URL Design
What is URL Design
When designing a website the first thing you should do is think about the URLs. How will the URL paths be laid out? What extension will the pages have .html, .php, .do, .pl or no extension?
It's something that's easily overlooked and quite often it's something that evolves. But if you don't plan your URL stucture in the beginning, you'll probably end up changing the URL structure later on. Changing URLs after a website goes live always causes problems. Sites that link to yours will contain broken links, anyone who has bookmarked pages on your site will find the bookmarks are invalid, search engines will index pages that no longer exist and it might have a negative effect on your search engine rankings. Of course, you could use mod_rewrite to redirect old URLs to new URLs, but managing lots of redirects can be complex and messy, and there will come a point when old redirects will need to be deleted - which once again may cause broken links.
Designing URLs
So, what extension should your pages have. Usually you want to avoid tying your website to a particular technology. A URL that ends in .php will make it hard if you want to migrate your website to ASP. Using .html is one of the safer extensions as no matter what technology your website uses, all pages would usually be generating HTML. But the best option is not to have any extensions. This also hides the technology that your website uses - which is good for security.

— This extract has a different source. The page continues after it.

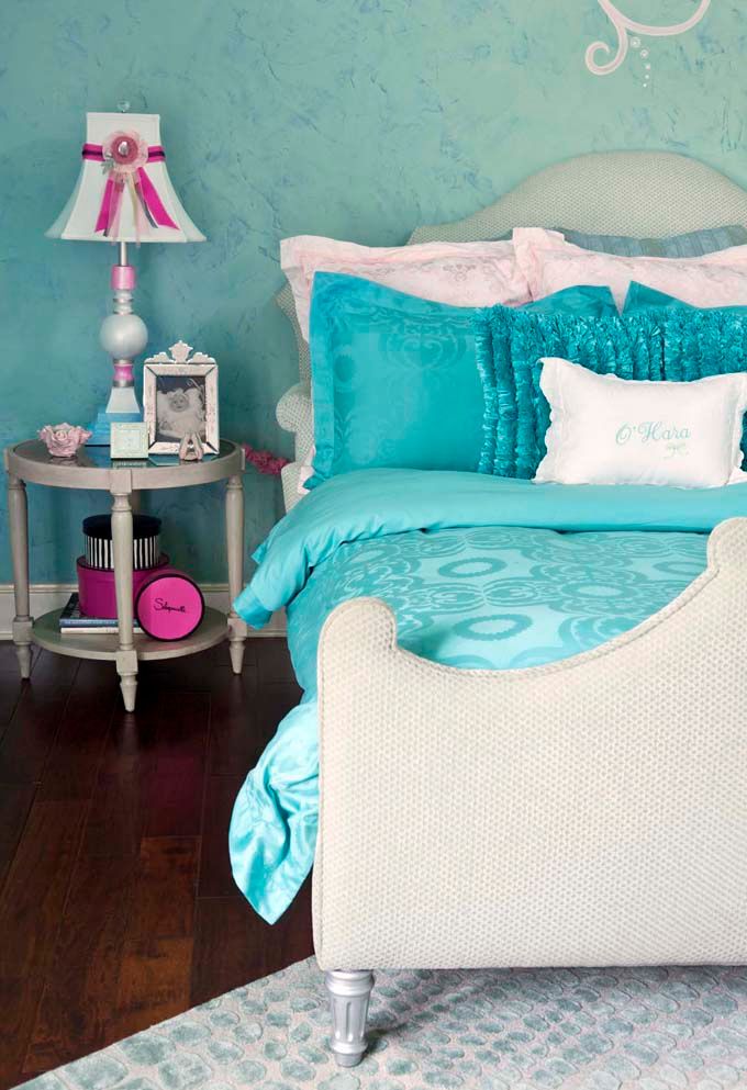 На фото выше – припыленный бирюзово-голубой и такой же томный припыленный темно-розовый из будуарной палитры. Эти элегантные цвета прекрасно сочетаются и между собой, и с красивым оттенком какао (обивка стула). Заметьте, что в этом сочетании нет ничего детского, оно очень изысканно.

Also think about the domain name and sub domains. You don't have to use a www sub domain, but people are familiar with websites beginning with www so it's a good idea to follow the tradition - at least for your homepage.
Next, think about the URL path structure. What structure will logically divide your site and allow for future expansion.

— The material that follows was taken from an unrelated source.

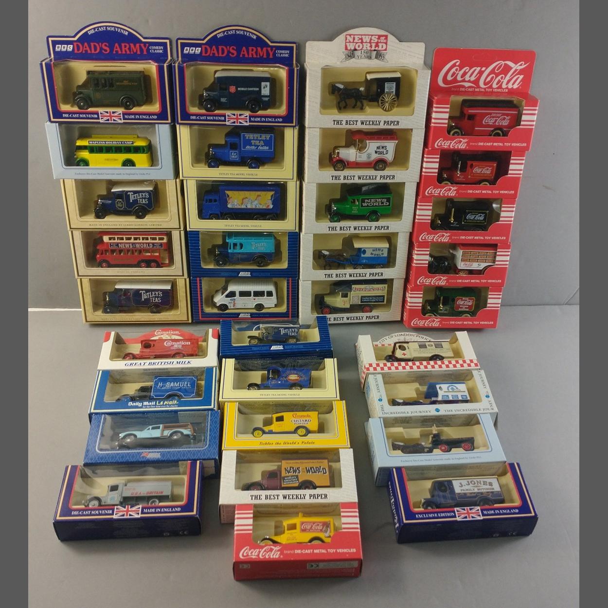 A box of good well stored diecast models. Dads Army range, Coke. 30 models in good well stored condition.

Newer web technologies like Ruby On Rails do a lot of the hard work of URL design for you. But you still need to plan your URL structure before your start!
Dynamic Pages
Dynamically generated pages may take parameters, like an article or knowledge base ID. In this situation you could use Apache's mod_rewrite engine to convert page names into URL parameters. This hides the URL parameters from the user - they only see a clean URL. The mod_rewrite engine can convert the last path element into a URL parameter of the previous path element.
For example, the user will see
http://www.example.com/articles/mod_rewrite
But on the server the request gets transformed into
http://www.example.com/script.pl?article=mod_rewrite
Key Points
Here are a few points to remember when designing URLs:
- Use the www sub domain, at least for your homepage anyway. For example, use www.example.com rather than example.com.

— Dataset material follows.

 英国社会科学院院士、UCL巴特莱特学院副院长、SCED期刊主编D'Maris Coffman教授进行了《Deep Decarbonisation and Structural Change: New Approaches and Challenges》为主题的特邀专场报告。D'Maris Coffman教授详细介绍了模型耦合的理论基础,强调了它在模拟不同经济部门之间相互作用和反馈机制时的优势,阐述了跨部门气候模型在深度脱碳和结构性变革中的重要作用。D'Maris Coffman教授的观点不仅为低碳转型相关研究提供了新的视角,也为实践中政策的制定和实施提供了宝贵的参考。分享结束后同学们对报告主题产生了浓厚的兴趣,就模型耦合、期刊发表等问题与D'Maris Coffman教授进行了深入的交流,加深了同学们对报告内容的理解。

- Domain names are lower case, so be consistent and make the whole of your URLs lower case.
- Make URLs readable. Use relevant words rather than abstract codes or numbers. A meaningful URL is more descriptive and easier to remember.
- Make your URLs shorter rather than longer (but not at the expense of readability). A short URL is easier to remember and easier to type.
- Avoid special characters other than hyphens or underscores in your URLs. Spaces and some other special characters get converted into hex values. For example, spaces become %20, which looks messy.
- Paths that contain /cgi-bin/ never look good. Scripts don't need to be in the cgi-bin directory, and besides you can always create another scriptalias folder to put your scripts in, or you can use mod_rewrite rules to hide it.